» WORKING DATA:
--- START ---
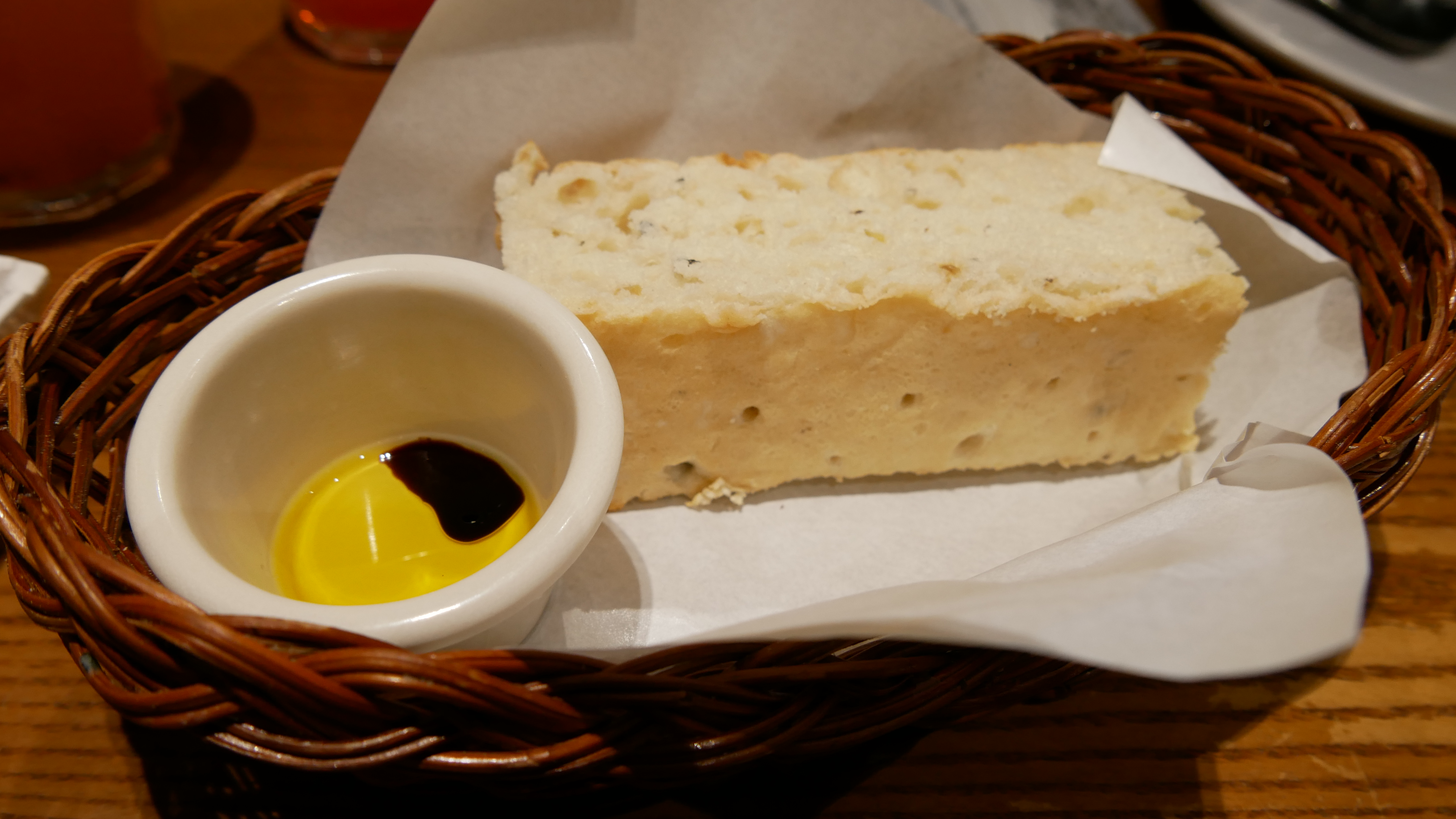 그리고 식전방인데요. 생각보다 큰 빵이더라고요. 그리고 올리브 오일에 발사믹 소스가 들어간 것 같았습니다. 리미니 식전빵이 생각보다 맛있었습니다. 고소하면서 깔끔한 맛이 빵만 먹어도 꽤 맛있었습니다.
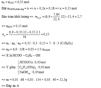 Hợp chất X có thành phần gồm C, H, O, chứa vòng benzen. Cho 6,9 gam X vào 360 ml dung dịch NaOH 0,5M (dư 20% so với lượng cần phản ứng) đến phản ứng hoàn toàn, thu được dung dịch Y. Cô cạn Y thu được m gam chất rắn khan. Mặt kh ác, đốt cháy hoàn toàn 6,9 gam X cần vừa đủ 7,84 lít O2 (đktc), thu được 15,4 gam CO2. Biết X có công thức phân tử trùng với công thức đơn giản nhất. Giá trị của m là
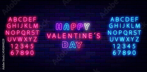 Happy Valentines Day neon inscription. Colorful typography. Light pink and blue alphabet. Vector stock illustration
--- END ---
--- START ---
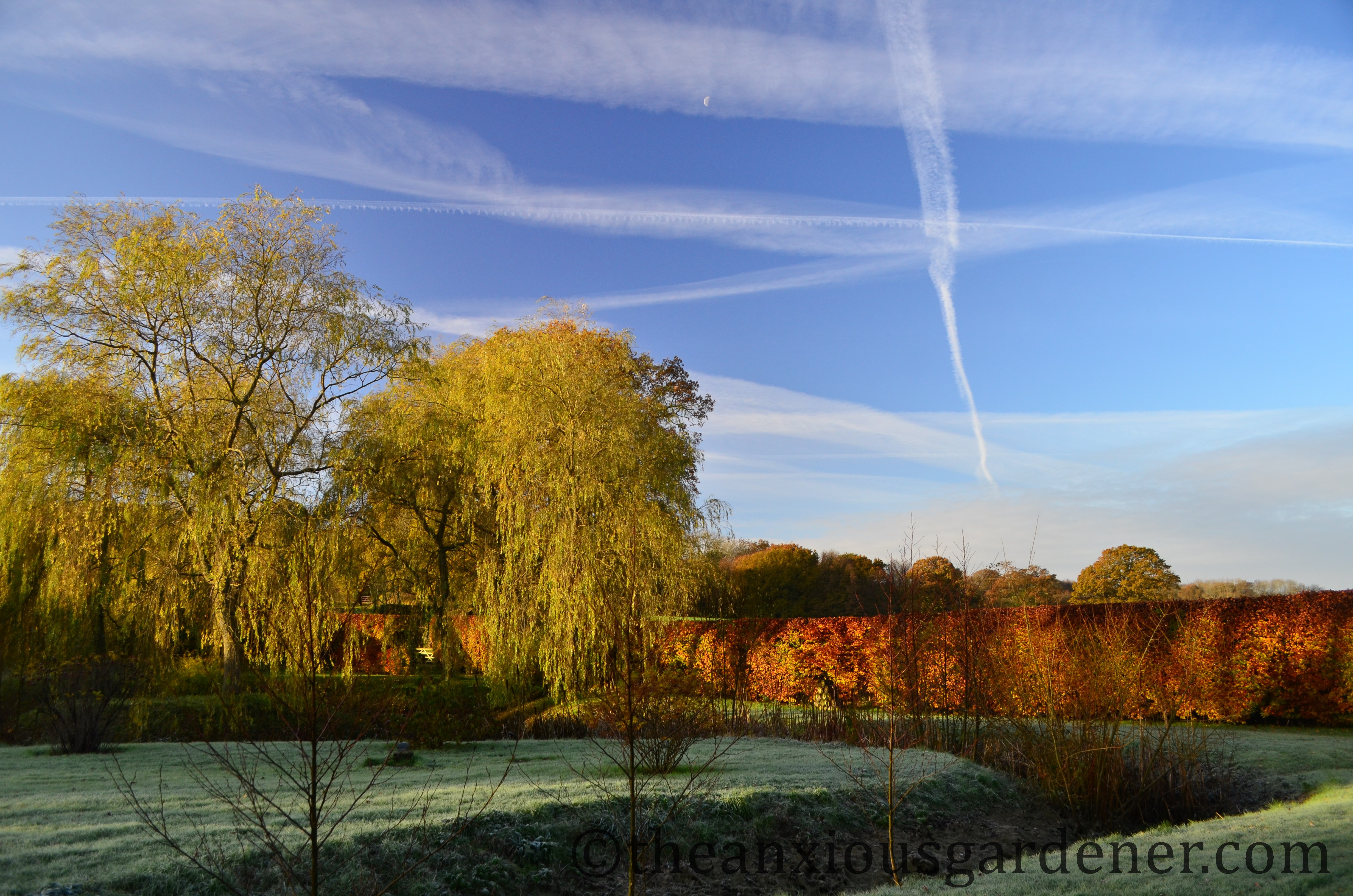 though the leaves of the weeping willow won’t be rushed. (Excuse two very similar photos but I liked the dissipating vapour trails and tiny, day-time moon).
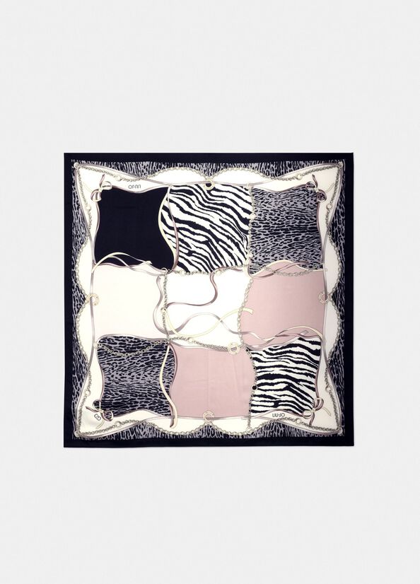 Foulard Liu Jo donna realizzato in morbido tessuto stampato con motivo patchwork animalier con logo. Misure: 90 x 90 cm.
--- END ---
--- START ---
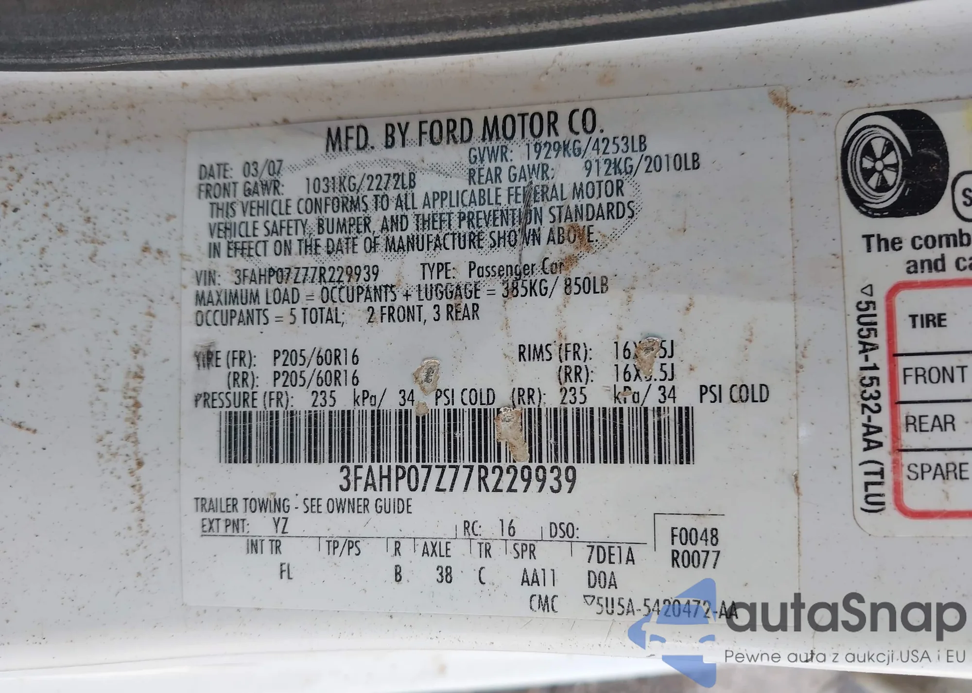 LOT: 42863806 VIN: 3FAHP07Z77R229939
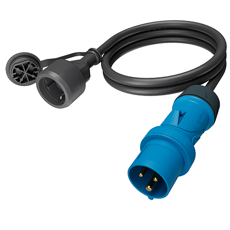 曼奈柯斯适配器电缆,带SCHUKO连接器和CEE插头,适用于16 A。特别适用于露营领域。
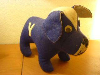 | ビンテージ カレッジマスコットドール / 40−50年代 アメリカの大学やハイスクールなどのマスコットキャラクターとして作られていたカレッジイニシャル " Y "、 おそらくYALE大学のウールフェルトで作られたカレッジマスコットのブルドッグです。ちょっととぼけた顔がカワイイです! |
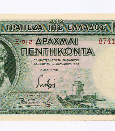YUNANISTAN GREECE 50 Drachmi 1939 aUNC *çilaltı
--- END ---
Word for word, retype the lines in the entries above that run from the one with "曼奈柯斯适配器电缆,带SCH" through the one with "YUNANISTAN GREECE 50". Both ends count; pictures do not.

 曼奈柯斯适配器电缆,带SCHUKO连接器和CEE插头,适用于16 A。特别适用于露营领域。
 | ビンテージ カレッジマスコットドール / 40−50年代 アメリカの大学やハイスクールなどのマスコットキャラクターとして作られていたカレッジイニシャル " Y "、 おそらくYALE大学のウールフェルトで作られたカレッジマスコットのブルドッグです。ちょっととぼけた顔がカワイイです! |
YUNANISTAN GREECE 50 Drachmi 1939 aUNC *çilaltı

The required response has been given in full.